In a sense what happened this last week is the kind of thing that can happen to us when we sit, particularly in sesshin and we see that the whole picture that we had of how things were going, and who we were, was very incomplete. It left out a lot. When we sit in sesshin very often we find that who we thought we were, our powers of concentration or acceptance, only goes so far. All of a sudden we start hitting limits, where the pain gets so great, or the emotions or the memories start coming up. All of a sudden our mind is a lot more complicated than we like to think it is. Our world is a lot more complicated than we like to think it is, and suddenly there are all these factors that we’ve been pushing to the side, that we now have to pay attention to, whether we like it or not.

One other thing I want to say about how people respond to things like the election, in terms of their practice, is sometimes we’re led to believe that practice should put us in a state of equanimity or acceptance so we’re not bothered by events or we don’t pick and choose, that the real attitude would be to have no preference about which way things turn out. That’s dualistic thinking. We’re told we should have an open mind, not pick and choose. Right? Well, it’s good to have an open mind, but as they say, not so open that your brains fall out. Our understanding of the whole doesn’t mean that we throw out our understanding of difference. It doesn’t mean that we don’t have legitimate reactions and preferences. If your house is burning down, you have a legitimate preference that the fire department arrive in time. If it’s inescapable and it burns to the ground, it’s a reality you have to deal with, but practice shouldn’t put you into a state where it doesn’t matter.
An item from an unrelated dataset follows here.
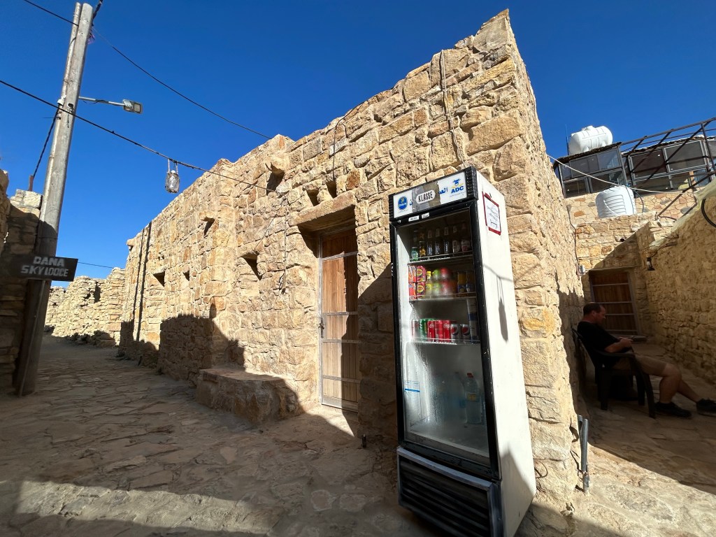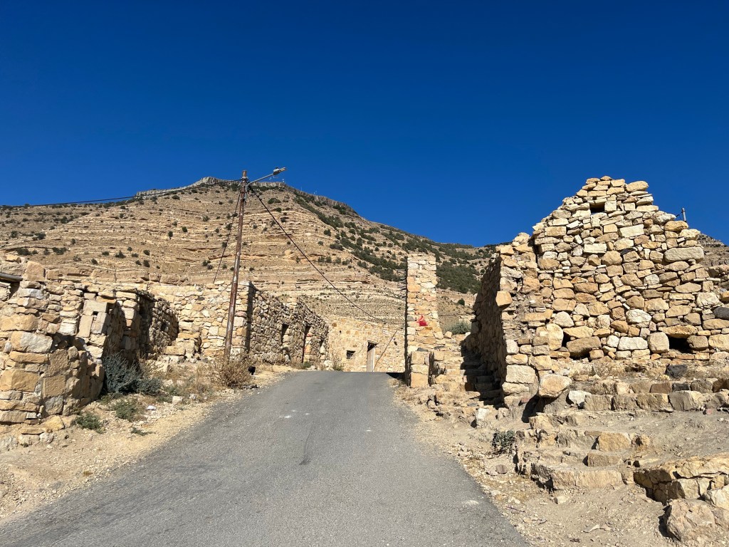 Hotelul era format din câteva camere împrăștiate pe ici, pe colo, construite în vechile case de piatră ale satului. Din ce am citit, majoritatea locuitorilor vechiului sat au hotărât, în trecut, să se mute în Al Qadisiyan, o mică localitate nu foarte departe de sat, dar mai prosperă. Localitate în care, de altfel, ne-am și oprit să mâncăm prânzul, înainte să ajungem în Dana. A fost o experiență inedită acel prânz, servit într-o încăpere care semăna a garaj și care a constat în saorma de pui gătită cu multe mirodenii locale.

In particular, if our practice is about including everything and nonseparation, then we have to be able to have a judgment about people or ourselves when we get stuck in separation, when in response to our own pain or anger or confusion, we choose or get stuck in a path of pushing aside something that’s part of ourselves. In the social and political realm, people can respond to anxiety or inequality with blame, with exclusion: If only we could get rid of “them.” But when we do that, and the “them” are immigrants or MAGA Republicans or Democratic elites, we create and demonize others that we organize ourselves around. We just want to push “that” out of our reality, and from a practice point of view, we can’t push part of the world out of our reality, any more than we can push parts of our mind out of our consciousness.

We can’t create an inner bubble where anger and jealousy and emotional reactivity exist anymore then we can imagine we can live in a political or social reality without inequality or racism or misogyny. These things are there and we have to acknowledge them, and we have to be very careful about how we react to them in a practice way. We have to be able to deal with the legitimacy of our own judgment just as we would in seeing ourselves get caught in reactivity, we have to be able to say that that’s not practice. That’s not what I’m trying to do, not what I’m trying to be. And that exists at the personal level and the social level and we can’t imagine that practice is going to smooth over into a kind of homogenized acceptance of everything and all points of views, as if they were all one.

To think about the harmony of difference and sameness, is to legitimize each perspective, to see how we’re all in this together and how some of us sometimes act as if we’re not, and we have to be able to recognize how that happens, when it happens, and take responsibility for it.